Can the lines below, from the one that holds "Studio Nova Woodland" to the very end, be echoed exactly, with both ends included and no pictures?

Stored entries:
########################################

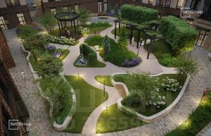 • Камерный сад, зеленая гостиная, фонтан.
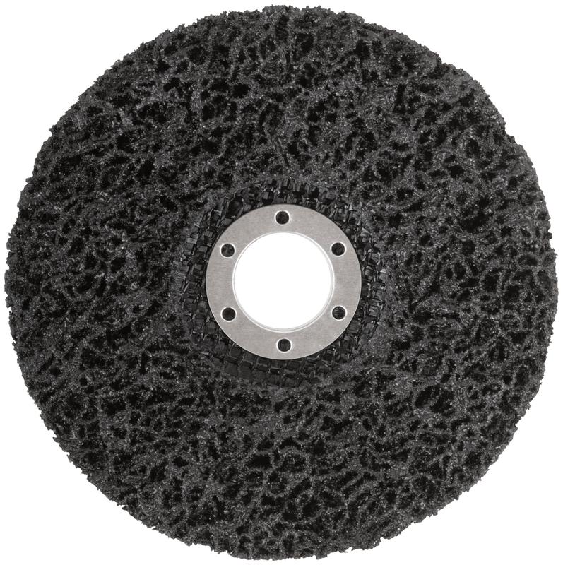 Диск зачистной полимерный MOS предназначен для очистки гладких металлических поверхностей от ржавчины и краски. Используется с УШМ. Благодаря специальной структуре диски гораздо меньше загрязняются и нагреваются при работе по сравнению с привычным абразивным инструментом. После снятия покрытия не так сильно заглубляются в материал зачищаемой поверхности. Быстро снимают краску и ржавчину с поверхности. Не размазывают краску по поверхности. Оставляют после себя гладкую поверхность. Внимание! Для наилучшего результата и продления срока службы оснастки крайне важно соблюдать следующие условия работы: держать обороты не выше 4500 в минуту; работать с минимальным прижимом; стараться избегать углов, отверстий, выступов.
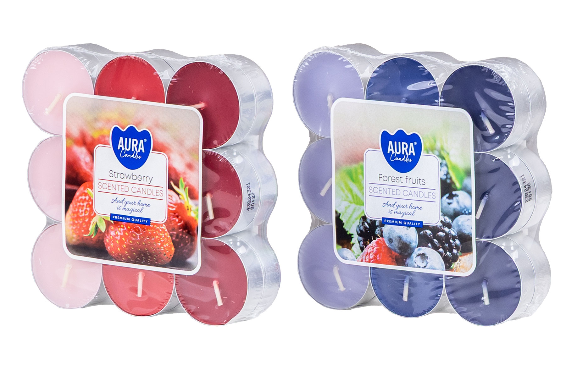 - 72 Stück bunte Teelichter mit Duft in einem Paket.
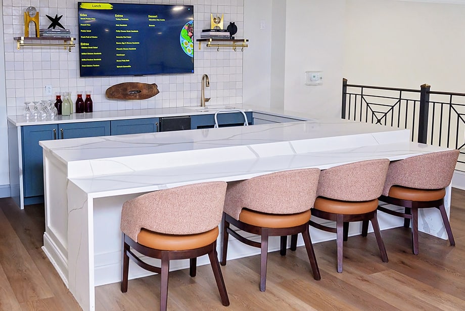 Our passionate culinary team, led by our executive chef, creates delicious and nutritious meals to delight the palate. Our dining areas range from château-style elegance to café-style warmth, serving as the perfect environment for any style of culinary gathering while our on-site baker creates delicious desserts every day. On every Sunday, brunch is open to family and friends to come experience what our culinary team has to offer.
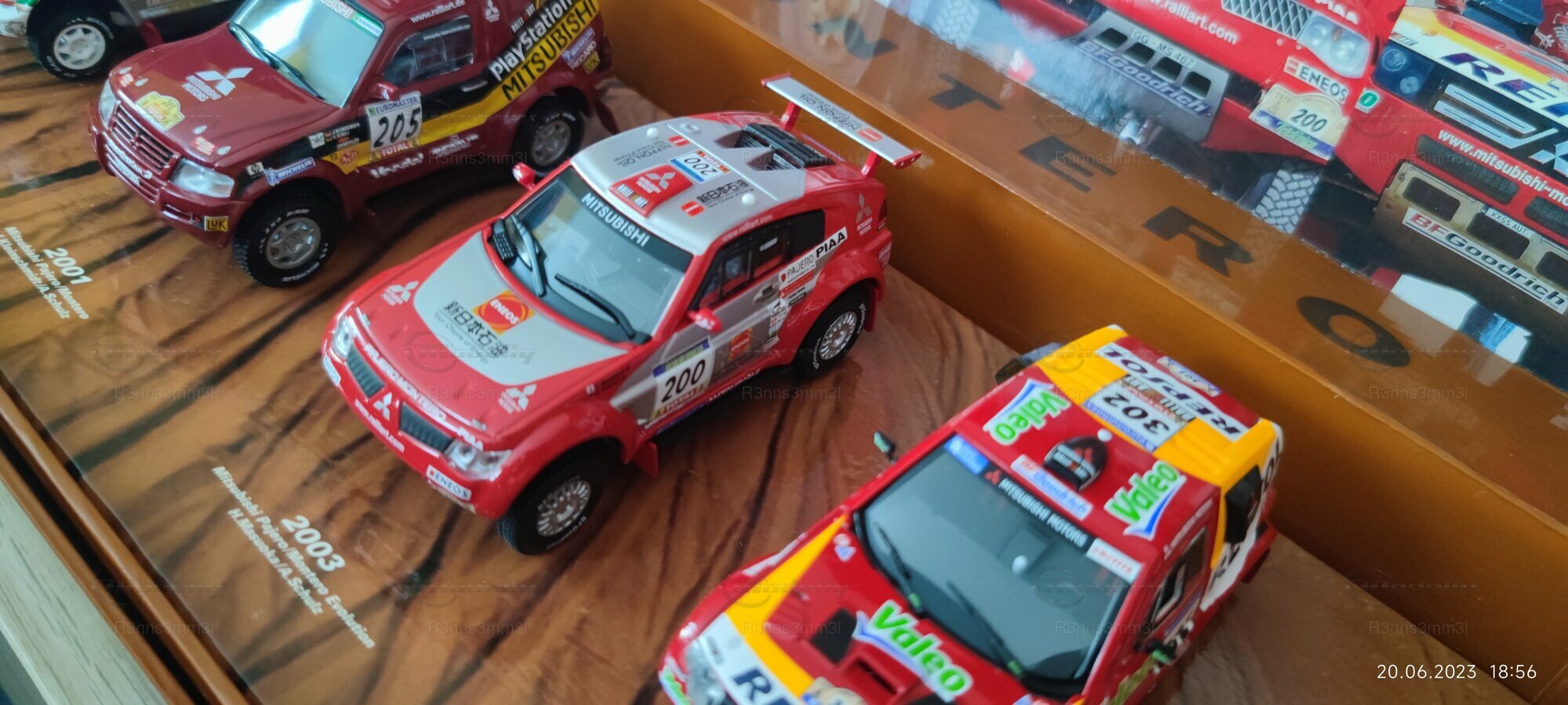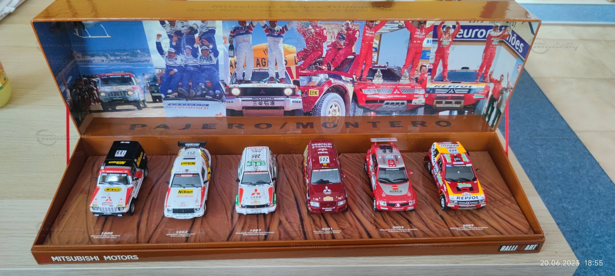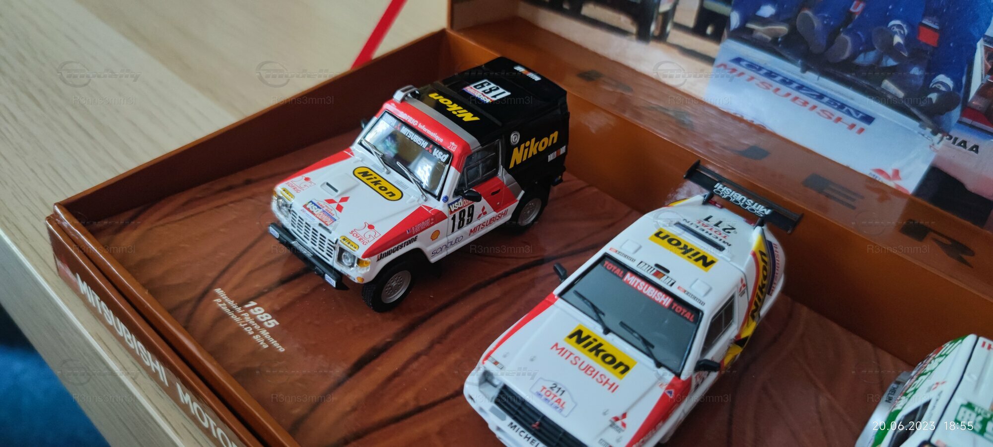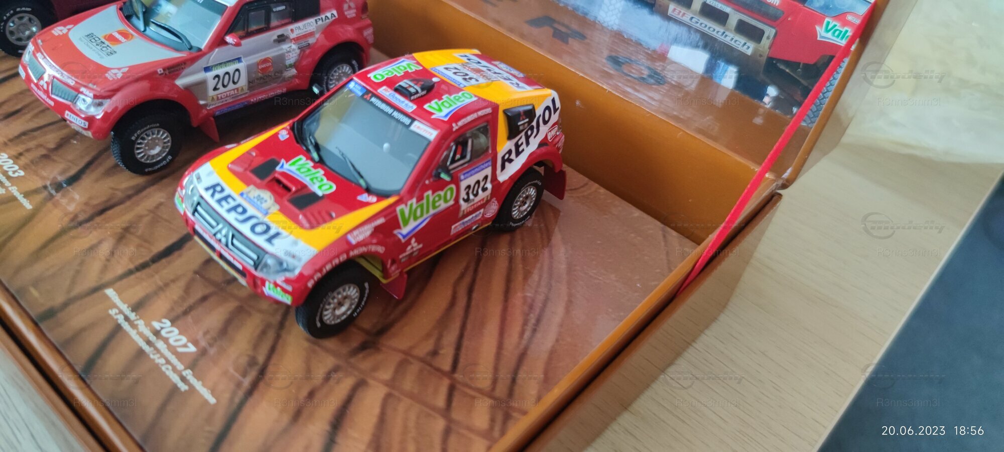 Das hier vorgestellte Miniaturmodell des Mitsubishi Pajero im 1:43 Maßstab stammt von Norev und ist aus Diecast-Material gefertigt. Modellautosammler schätzen die detailreiche Nachbildung und die präzise Verarbeitung dieses Modells. Auf dem Foto ist erkennbar, dass das Modell Teil der Sammlung von Modelly-Mitglied "R3nns3mm3l" ist. Die Box enthält verschiedene Varianten des Pajero, die an unterschiedlichen Dakar-Veranstaltungen teilgenommen haben. Die Modelle sind auf einem stilisierten Sanduntergrund präsentiert, was dem gesamten Set ein authentisches Wüstenrennen-Gefühl verleiht.
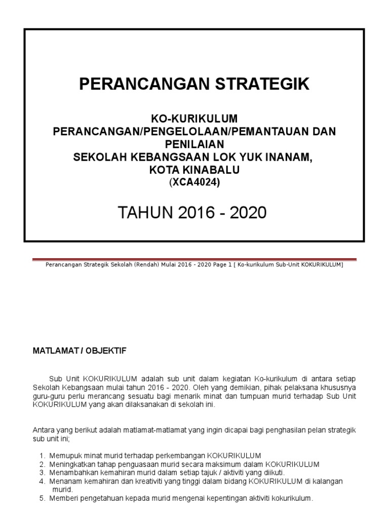Pdf Pelan Perancangan Strategik Bidang Ko Kurikulum 2016 2020 Fouzi Arshad Academia Edu
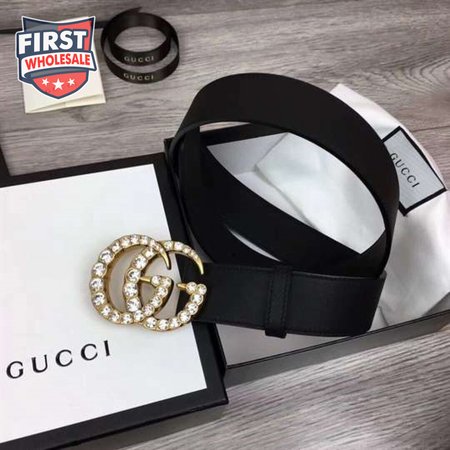 GUCCI BLACK FAUX PEARL-EMBELLISHED LEATHER BELT - B44
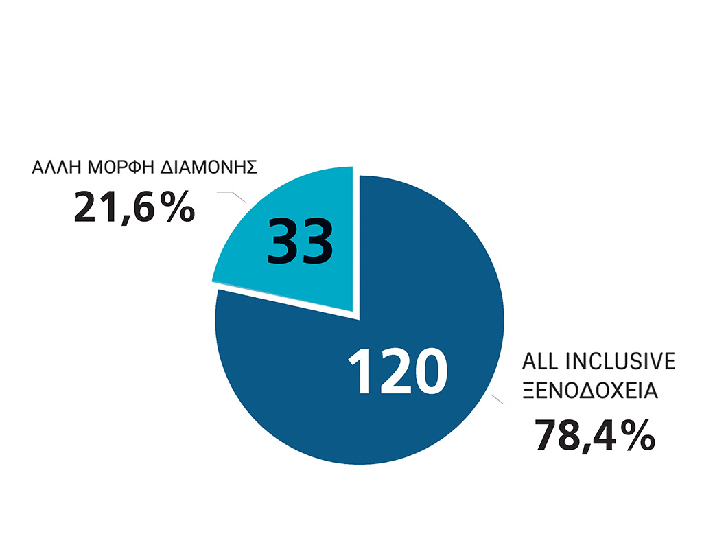 Το all inclusive συνεχίζει να αποτελεί την βασική μορφή διαμονής των επισκεπτών στο νησί μας. Σύμφωνα με τις απαντήσεις, το 78,4%% των ερωτηθέντων, επέλεξε διαμονή σε all inclusive ξενοδοχείο, ενώ μόλις το 21,6% επέλεξε κάποια άλλη μορφή διαμονής.
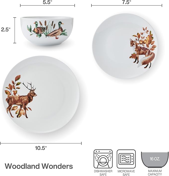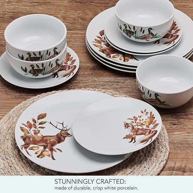 Studio Nova Woodland Wonders Lodge 12 Piece Dinnerware Plate Bowl Set, Service for 4
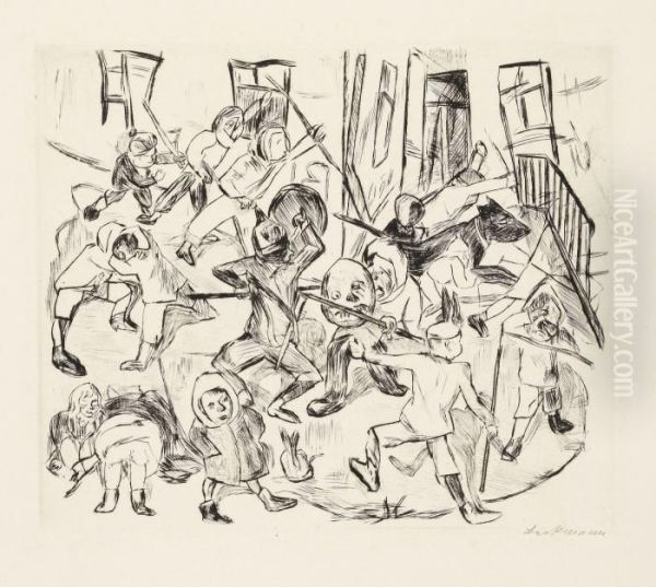 Spielende Kinder, Breitformat Oil Painting by Max Beckmann
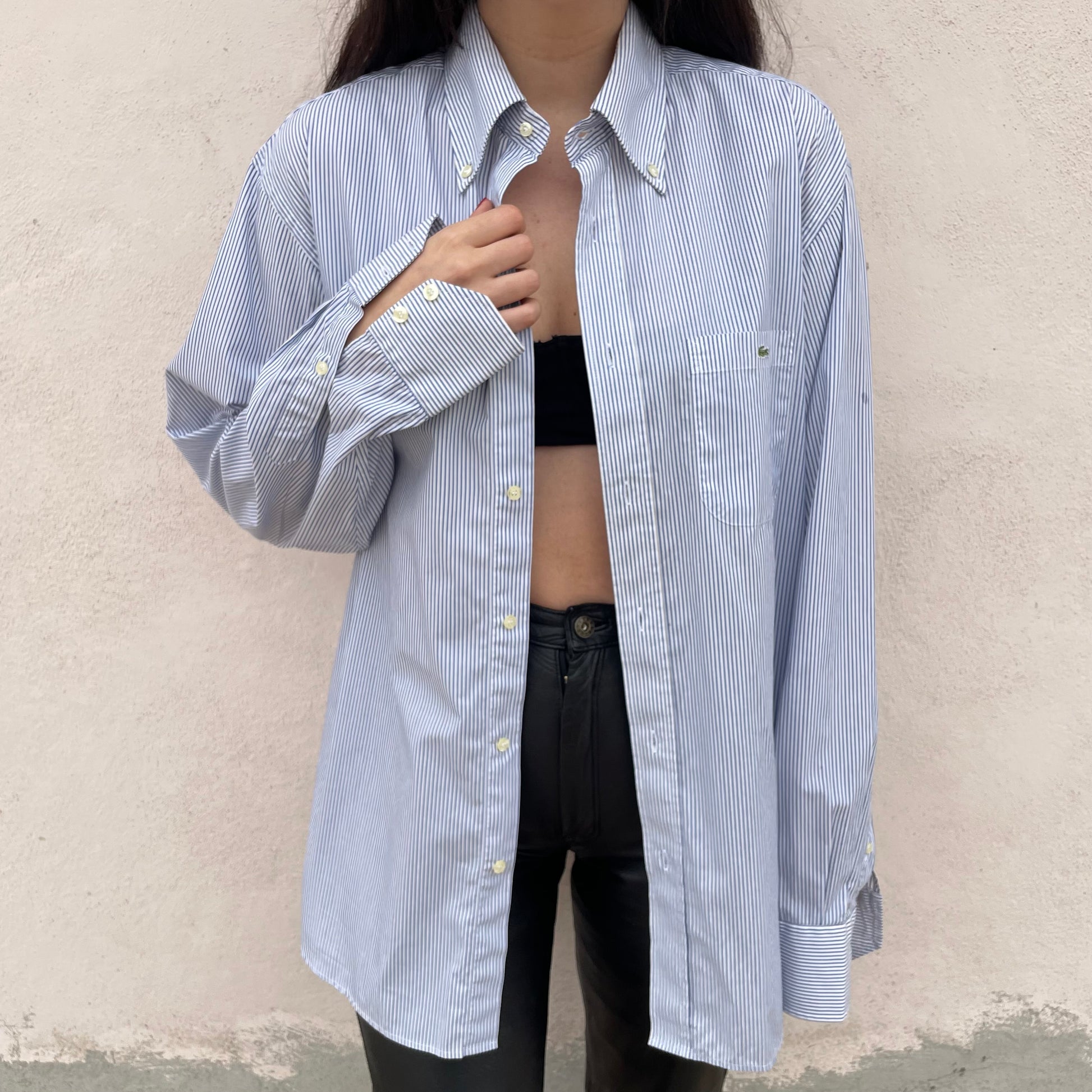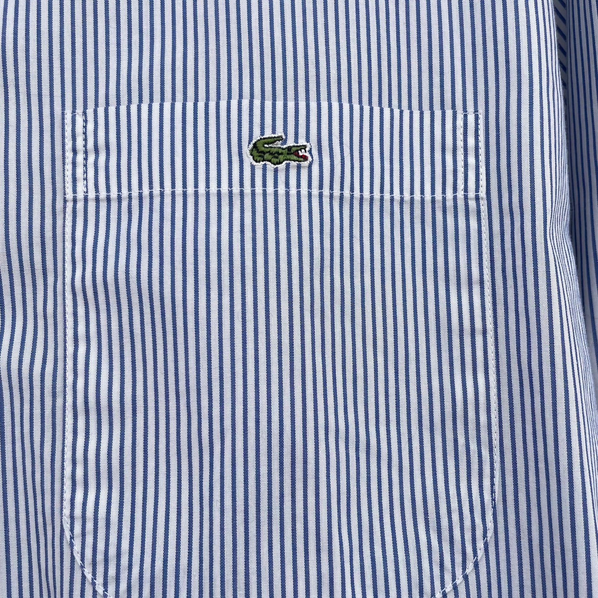 Camicia Lacoste 100% cotone a righe verticali bianche e celesti.Misure:
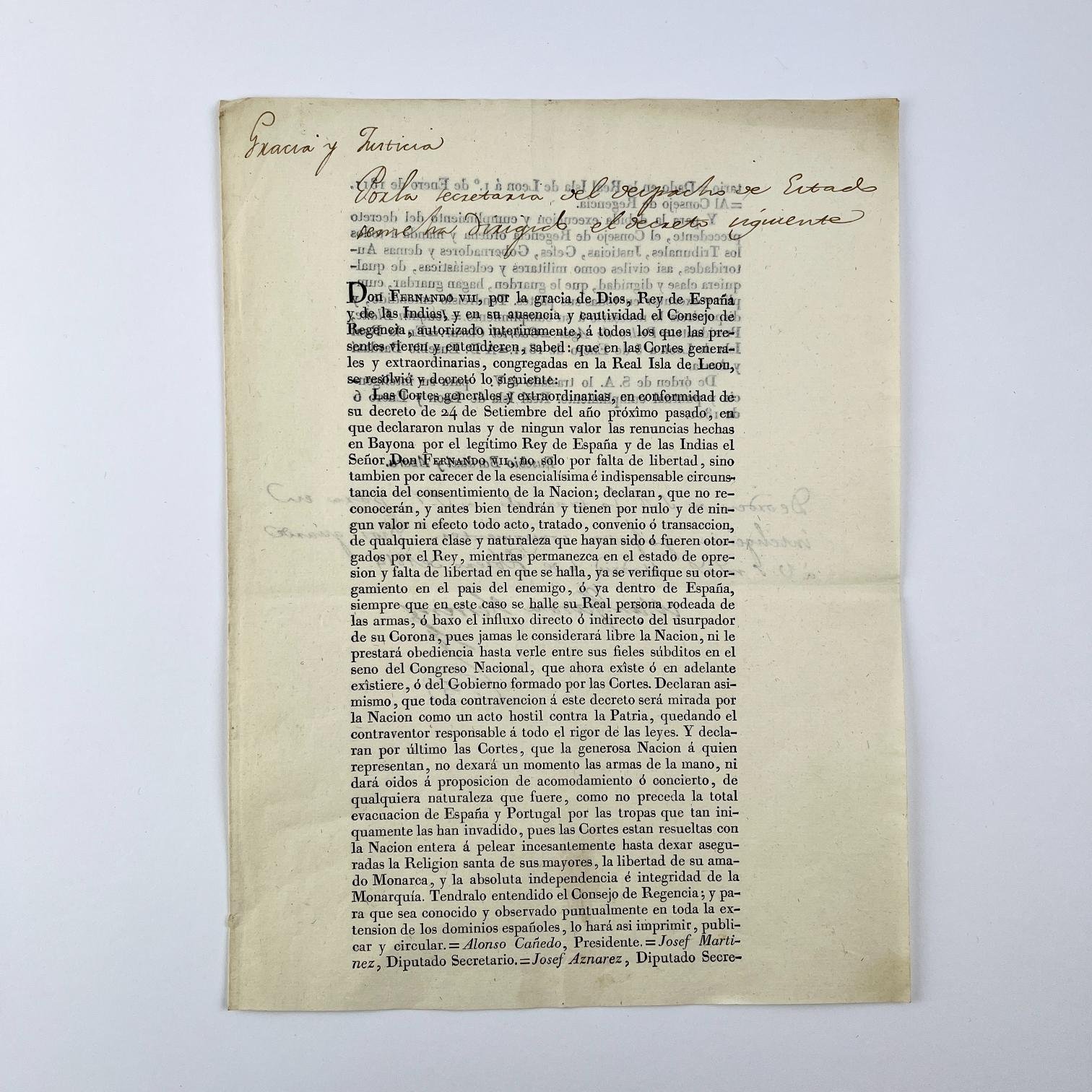 Con la península ocupada por las fuerzas napoleónicas y el trono español usurpado por José I Bonaparte, el Consejo de Regencia salva el honor del Rey prisionero, y declara nula sus decisiones adoptadas en cautiverio. En ese sentido desconocerán -advierte- todo acto, convenio, tratado o transacción mientras permanezca en estado de opresión y falta de libertad. Y en defensa de su integridad, las Cortes afirman que no dejarán un momento “las armas de la mano como no proceda la total evacuación de España y Portugal por las tropas que tan inicuamente las han invadido”. El Consejo ordena y manda a las instituciones que asuman estas decisiones que buscaban sostener la autoridad de Fernando VII.

########################################

▶ _Output for this exercise_:
 Studio Nova Woodland Wonders Lodge 12 Piece Dinnerware Plate Bowl Set, Service for 4
 Spielende Kinder, Breitformat Oil Painting by Max Beckmann
 Camicia Lacoste 100% cotone a righe verticali bianche e celesti.Misure:
 Con la península ocupada por las fuerzas napoleónicas y el trono español usurpado por José I Bonaparte, el Consejo de Regencia salva el honor del Rey prisionero, y declara nula sus decisiones adoptadas en cautiverio. En ese sentido desconocerán -advierte- todo acto, convenio, tratado o transacción mientras permanezca en estado de opresión y falta de libertad. Y en defensa de su integridad, las Cortes afirman que no dejarán un momento “las armas de la mano como no proceda la total evacuación de España y Portugal por las tropas que tan inicuamente las han invadido”. El Consejo ordena y manda a las instituciones que asuman estas decisiones que buscaban sostener la autoridad de Fernando VII.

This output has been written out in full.